▶ [WHAT THIS TASK INVOLVES]:
Your reply should be the records below, duplicated exactly, with any picture removed.

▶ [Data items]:

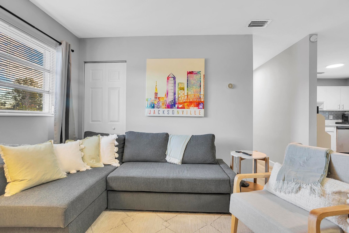 Disfruta de este elegante apartamento de 1 dormitorio con una ubicación céntrica en el corazón de Jacksonville. Este apartamento está a solo 20 minutos en coche de las hermosas playas de Jacksonville y está muy cerca de muchos restaurantes y tiendas. El apartamento 1 BR 1 BA es perfecto para familias pequeñas o parejas y tiene capacidad para 4 personas. ¡Perfecto para viajes en grupo! Asegúrate de leer todas las reglas de la casa si se infringe alguna de las reglas de la casa, se cobrará una tarifa mínima de $ 500.
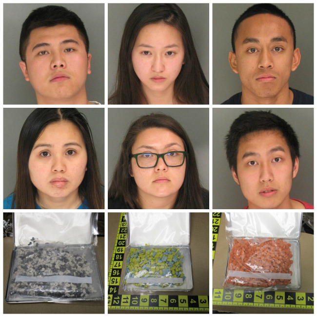 Nhóm sinh viên 21 tuổi bị bắt giữ tại ba địa điểm khác nhau ở thành phố Santa Cruz, và đều là thành viên hội nữ sinh viên Alpha Kappa Delta Phi hoặc Hội sinh viên Lambda Phi Epsilon. Nguyễn và Lê bị tình nghi sở hữu chất được kiểm soát, trong khi 4 sinh viên còn lại Dremel, Liu, Casil và Tiêu bị tình nghi âm mưu, và sở hữu chất được kiểm soát để buôn bán, phân phối, cảnh sát cho biết.
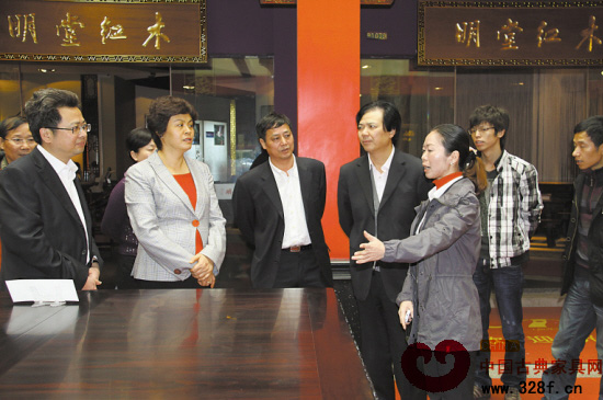 日前,國家工商總局副局長甘霖(左二)到中國木雕城調研,充分肯定市場的轉型升級,并對巧奪天工的木雕工藝品和古樸典雅的木雕紅木家具贊嘆不已。
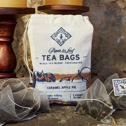 CARAMEL APPLE PIE TEA - Freshly harvested, late fall, cellar-root apples lend a crisp note to the decidedly creamy, mellow, and caramel-laced black tea. Ingredients: Ceylon Black Tea, Apples, Cinnamon, Ginger, Orange Rind, Star Anise, Licorice, Cloves, Organic Caramel Flavor, Black Pepper. Caffeinated. Handcrafted by Piper and Leaf in Alabama. 9 silky pyramid sachets ready to brew.
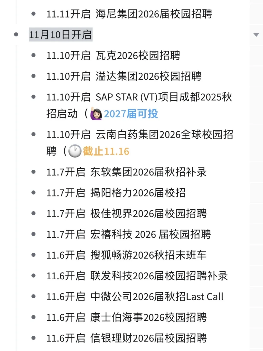 以为秋招到10月就结束了?其实11月还有一大批公司在悄悄捞人!有的是在补录,有的是新开业务线,而且很多都免笔试、流程快、面试友好,真的是秋招末班车的黄金时机 · 📍建议这段时间重点关注 ▪️刚扩招或有新业务线的公司 ▪️挖掘快截止的岗位 ▪️补录轮:HR在二面、三面阶段主动捞人 · 坚持日更✊🏻,帮大家在找工作路上顺利拿到offer!
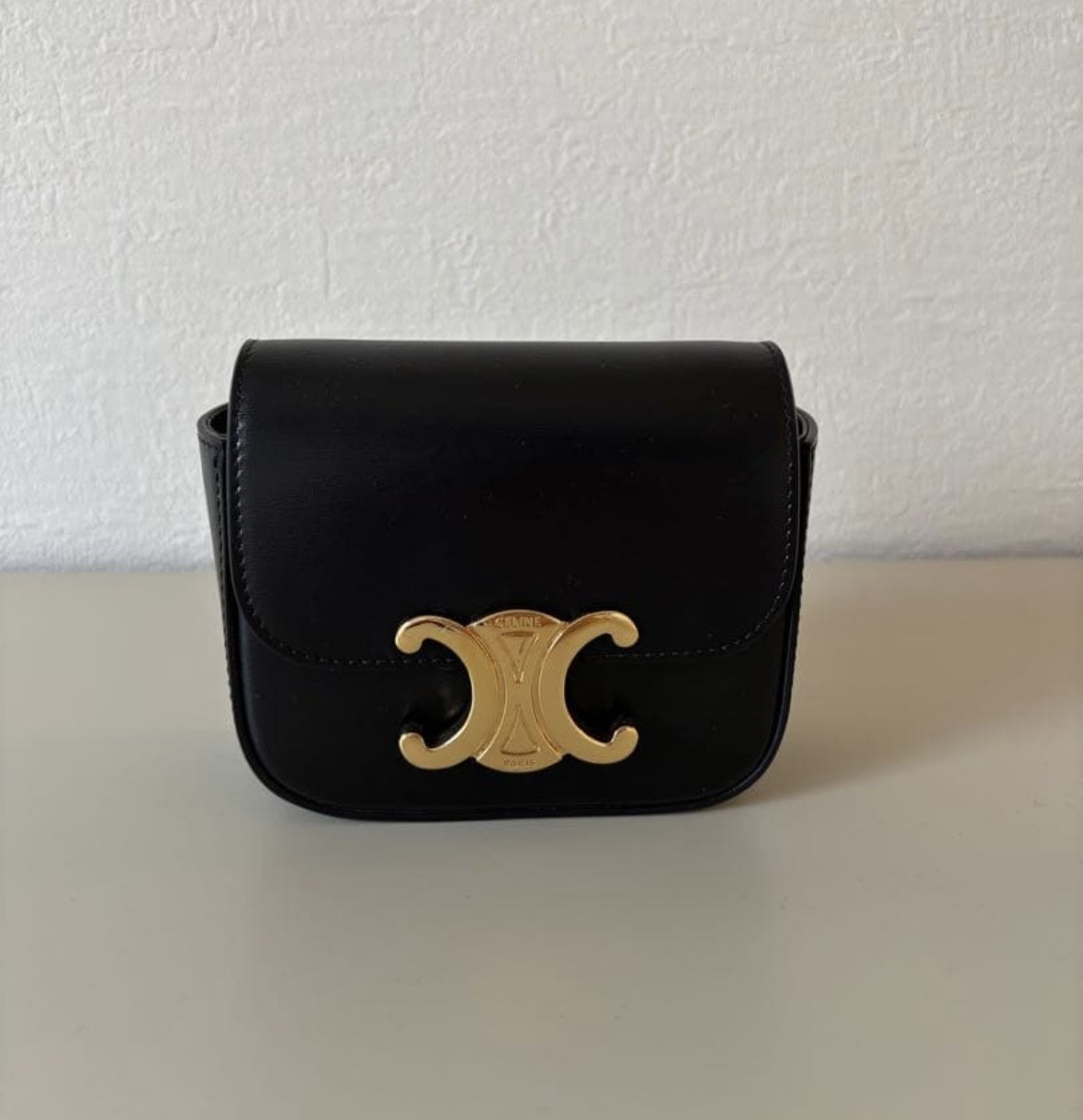 セリーヌミニトリオンフ ブラックレザー ミニショルダーバッグ

▶ [RESPONSE TO THE EXERCISE]:
 Disfruta de este elegante apartamento de 1 dormitorio con una ubicación céntrica en el corazón de Jacksonville. Este apartamento está a solo 20 minutos en coche de las hermosas playas de Jacksonville y está muy cerca de muchos restaurantes y tiendas. El apartamento 1 BR 1 BA es perfecto para familias pequeñas o parejas y tiene capacidad para 4 personas. ¡Perfecto para viajes en grupo! Asegúrate de leer todas las reglas de la casa si se infringe alguna de las reglas de la casa, se cobrará una tarifa mínima de $ 500.
 Nhóm sinh viên 21 tuổi bị bắt giữ tại ba địa điểm khác nhau ở thành phố Santa Cruz, và đều là thành viên hội nữ sinh viên Alpha Kappa Delta Phi hoặc Hội sinh viên Lambda Phi Epsilon. Nguyễn và Lê bị tình nghi sở hữu chất được kiểm soát, trong khi 4 sinh viên còn lại Dremel, Liu, Casil và Tiêu bị tình nghi âm mưu, và sở hữu chất được kiểm soát để buôn bán, phân phối, cảnh sát cho biết.
 日前,國家工商總局副局長甘霖(左二)到中國木雕城調研,充分肯定市場的轉型升級,并對巧奪天工的木雕工藝品和古樸典雅的木雕紅木家具贊嘆不已。
 CARAMEL APPLE PIE TEA - Freshly harvested, late fall, cellar-root apples lend a crisp note to the decidedly creamy, mellow, and caramel-laced black tea. Ingredients: Ceylon Black Tea, Apples, Cinnamon, Ginger, Orange Rind, Star Anise, Licorice, Cloves, Organic Caramel Flavor, Black Pepper. Caffeinated. Handcrafted by Piper and Leaf in Alabama. 9 silky pyramid sachets ready to brew.
 以为秋招到10月就结束了?其实11月还有一大批公司在悄悄捞人!有的是在补录,有的是新开业务线,而且很多都免笔试、流程快、面试友好,真的是秋招末班车的黄金时机 · 📍建议这段时间重点关注 ▪️刚扩招或有新业务线的公司 ▪️挖掘快截止的岗位 ▪️补录轮:HR在二面、三面阶段主动捞人 · 坚持日更✊🏻,帮大家在找工作路上顺利拿到offer!
 セリーヌミニトリオンフ ブラックレザー ミニショルダーバッグ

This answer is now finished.